Anche questi “annunciatori” del ver. 16 appaiono non essere veramente tali, e il fatto che riferiscano “il fatto dei porci” già insinua il sospetto che la prospettiva della perdita economica s’imponga come il motivo più vicino di un rifiuto. E così avviene al ver. 17; qui sembra di scorgere qualcosa che richiama il modo stesso dei demoni nel rivolgersi al Signore, come abbiamo visto al ver. 12: quello “scongiurarono” del ver. 12 è in realtà lo stesso verbo che al ver. 17 è reso con “si misero a pregarlo”. In entrambi i luoghi il desiderio è quello di una separazione! All’opposto, lo stesso verbo troviamo sulle labbra dell’uomo sanato quando, al ver. 18, pregava Gesù di poter rimanere con lui. La strada della fede corre inevitabilmente sul sottile filo tra il sì e il no!

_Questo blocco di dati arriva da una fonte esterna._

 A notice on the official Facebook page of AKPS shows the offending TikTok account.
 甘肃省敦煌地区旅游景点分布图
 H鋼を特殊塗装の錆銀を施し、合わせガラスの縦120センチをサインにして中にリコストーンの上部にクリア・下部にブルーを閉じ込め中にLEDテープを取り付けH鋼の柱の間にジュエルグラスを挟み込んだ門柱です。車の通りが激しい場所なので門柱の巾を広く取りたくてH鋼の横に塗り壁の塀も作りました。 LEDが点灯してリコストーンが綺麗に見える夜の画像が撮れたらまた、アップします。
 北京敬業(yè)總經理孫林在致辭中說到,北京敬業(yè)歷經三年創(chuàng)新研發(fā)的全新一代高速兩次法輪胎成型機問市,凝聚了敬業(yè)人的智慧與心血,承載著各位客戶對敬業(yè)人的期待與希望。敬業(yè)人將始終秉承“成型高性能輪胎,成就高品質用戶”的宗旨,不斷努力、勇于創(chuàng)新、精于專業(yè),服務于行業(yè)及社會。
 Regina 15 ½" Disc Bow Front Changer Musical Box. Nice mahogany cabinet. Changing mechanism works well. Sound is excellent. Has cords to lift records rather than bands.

L’atteggiamento silenzioso e mite di Gesù che riparte dalla terra dei Geraseni ancor più mette in evidenza il giudizio evangelico. Tutto questo viene confermato, e insieme tenuto aperto alla misericordia divina, dalla richiesta dell’uomo guarito. La sua domanda è profonda e meravigliosa: chiede semplicemente a Gesù di poter “rimanere con lui”; ma qui c’è tutto! E questo tutto non sarà contraddetto da quello che Gesù gli chiede, perché l’obbedienza al Signore sarà per quell’uomo il vero modo per stare con lui.

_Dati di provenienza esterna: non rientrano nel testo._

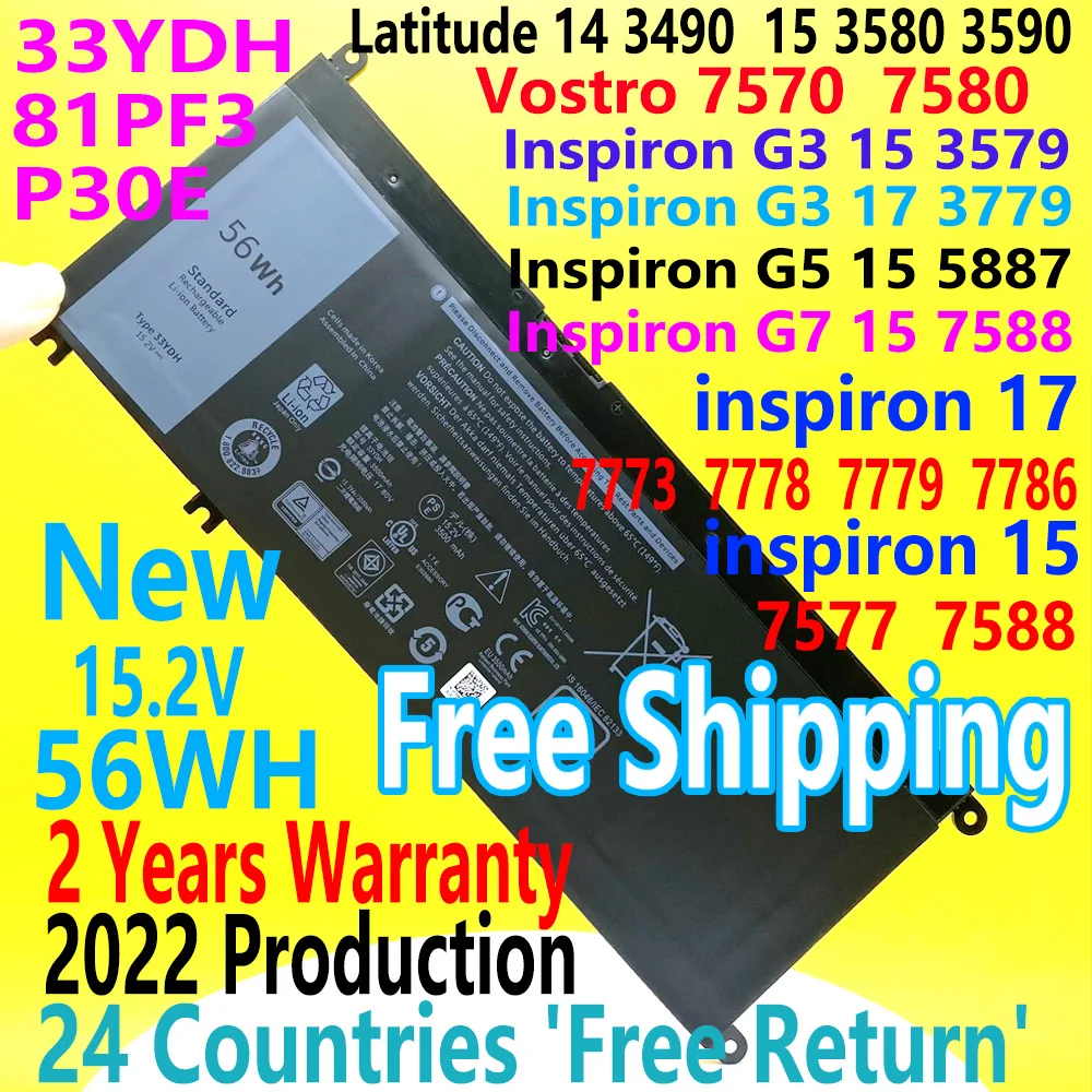 Отзывы о Аккумулятор 33YDH 56WH для ноутбука Dell Inspiron 17 7773 7778 7779 7786 15 7588 Vostro 7577 7570 Latitude 13 3380 14 3490 3580

Gesù sembra suggerire all’uomo il cuore di quello che dovrà essere annunciato: il fatto accaduto e “la misericordia che ti ha usato”. Così un singolo evento diventa testimonianza, annuncio e paradigma di un messaggio universale. E’ il messaggio di salvezza che interpella noi, oggi!
Dio ti benedica. E tu benedicimi. Tuo. Giovanni.

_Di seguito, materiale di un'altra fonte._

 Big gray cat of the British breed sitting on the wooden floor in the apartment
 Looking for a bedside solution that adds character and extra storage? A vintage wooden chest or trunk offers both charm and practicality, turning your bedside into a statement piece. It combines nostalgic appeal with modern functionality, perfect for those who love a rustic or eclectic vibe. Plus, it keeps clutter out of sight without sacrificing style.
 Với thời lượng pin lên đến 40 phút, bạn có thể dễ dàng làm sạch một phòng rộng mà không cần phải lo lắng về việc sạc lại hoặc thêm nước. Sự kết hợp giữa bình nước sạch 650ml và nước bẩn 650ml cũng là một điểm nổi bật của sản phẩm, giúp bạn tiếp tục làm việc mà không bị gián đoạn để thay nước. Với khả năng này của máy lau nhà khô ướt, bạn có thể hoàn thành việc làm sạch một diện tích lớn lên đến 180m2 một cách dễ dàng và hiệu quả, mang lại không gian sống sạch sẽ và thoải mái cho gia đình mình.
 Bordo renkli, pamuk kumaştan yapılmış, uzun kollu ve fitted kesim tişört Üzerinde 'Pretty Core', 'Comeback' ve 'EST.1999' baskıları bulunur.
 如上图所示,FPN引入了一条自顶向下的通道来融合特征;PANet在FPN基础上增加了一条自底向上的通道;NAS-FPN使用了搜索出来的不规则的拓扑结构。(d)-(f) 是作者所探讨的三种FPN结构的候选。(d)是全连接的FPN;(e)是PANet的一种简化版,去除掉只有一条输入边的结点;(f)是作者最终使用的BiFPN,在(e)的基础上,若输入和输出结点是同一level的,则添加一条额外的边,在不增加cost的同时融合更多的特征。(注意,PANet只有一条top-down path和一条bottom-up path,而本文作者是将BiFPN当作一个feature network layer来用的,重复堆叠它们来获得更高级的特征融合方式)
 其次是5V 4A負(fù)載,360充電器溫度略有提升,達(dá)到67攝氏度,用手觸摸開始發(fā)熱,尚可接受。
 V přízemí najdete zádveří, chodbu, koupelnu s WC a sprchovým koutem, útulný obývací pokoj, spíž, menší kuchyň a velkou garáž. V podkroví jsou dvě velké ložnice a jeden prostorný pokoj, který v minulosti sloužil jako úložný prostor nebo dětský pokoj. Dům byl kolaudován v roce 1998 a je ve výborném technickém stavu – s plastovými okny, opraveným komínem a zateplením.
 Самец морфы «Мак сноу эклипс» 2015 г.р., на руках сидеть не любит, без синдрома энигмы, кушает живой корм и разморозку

Questi primi 20 versetti del capitolo 5 mi hanno lasciato un’idea un pò semplice.
Ho avuto l’impressione che la vicenda dell’uomo liberato dai sepolcri sia la nostra stessa vicenda e allo stesso tempo l’unica prova che abbiamo dell’esistenza di Dio.
Come se tutto quello che so sul Signore è unicamente la Misericordia con in quale mi ama e mi salva continuamente dalla morte.
L’indemoniato, dice Gesù, non può seguirlo ma deve andare ad annunciare la misericordia che gli è stata usata.
Mi è venuto da pensare ad una fede molto incentrata, come suggerisce un caro diacono, sul mistero della Pasqua..sul rapporto con le nostre vite.
I concittadini del guarito non pensano nemmeno per un attimo a rallegrarsi con lui, a far festa per la sua guarigione: il pensiero va al capitale perduto, circa duemila porci, 4 mila prosciutti e tutto il resto. La liberazione operata da Gesù nuoce agli interessi economici della comunità e i cittadini, dovendo scegliere, non hanno dubbi: meglio tutelare i propri interessi che rinunciarvi per il bene dell’uomo. – L’ultima parola è di Gesù: “Va’… e annunzia ciò che il Signore (Dio, il Padre) ti ha fatto…”.
v.18 “Mentre risaliva nella barca, quello che era stato indemoniato lo pregava di permettergli di stare con lui.” L’incontro con Gesù gli ha cambiato la vita. E’ naturale che l’uomo guarito voglia restare per sempre con chi lo ha salvato e lo ha restituito a una nuova dignità. Ma Gesù “non glielo permise, ma gli disse: “Và nella tua casa, dai tuoi, annunzia loro ciò che il Signore ti ha fatto e la misericordia che ti ha usato”.” (v.19). L’uomo deve tornare alla sua vita, vivere la sua vita fino in fondo in un modo profondamente nuovo, portando ai suoi l’amore e la misericordia che ha ricevuto da Gesù. Anche questo è un modo di “stare con lui”. Bisogna sempre tornare, tornare alla nostra vita, tornare dai nostri, e annunciare, soprattutto con i fatti, tutto il bene che abbiamo ricevuto. Mi viene da pensare all’esperienza della trasfigurazione e alle parole di Pietro “Maestro, è bello per noi stare qui” (Mc 9,5). Ma bisogna scendere e vivere nel quotidiano tutta la bellezza, l’amore, la gioia dell’incontro con Gesù. Proprio come ha fatto l’uomo liberato dal demonio.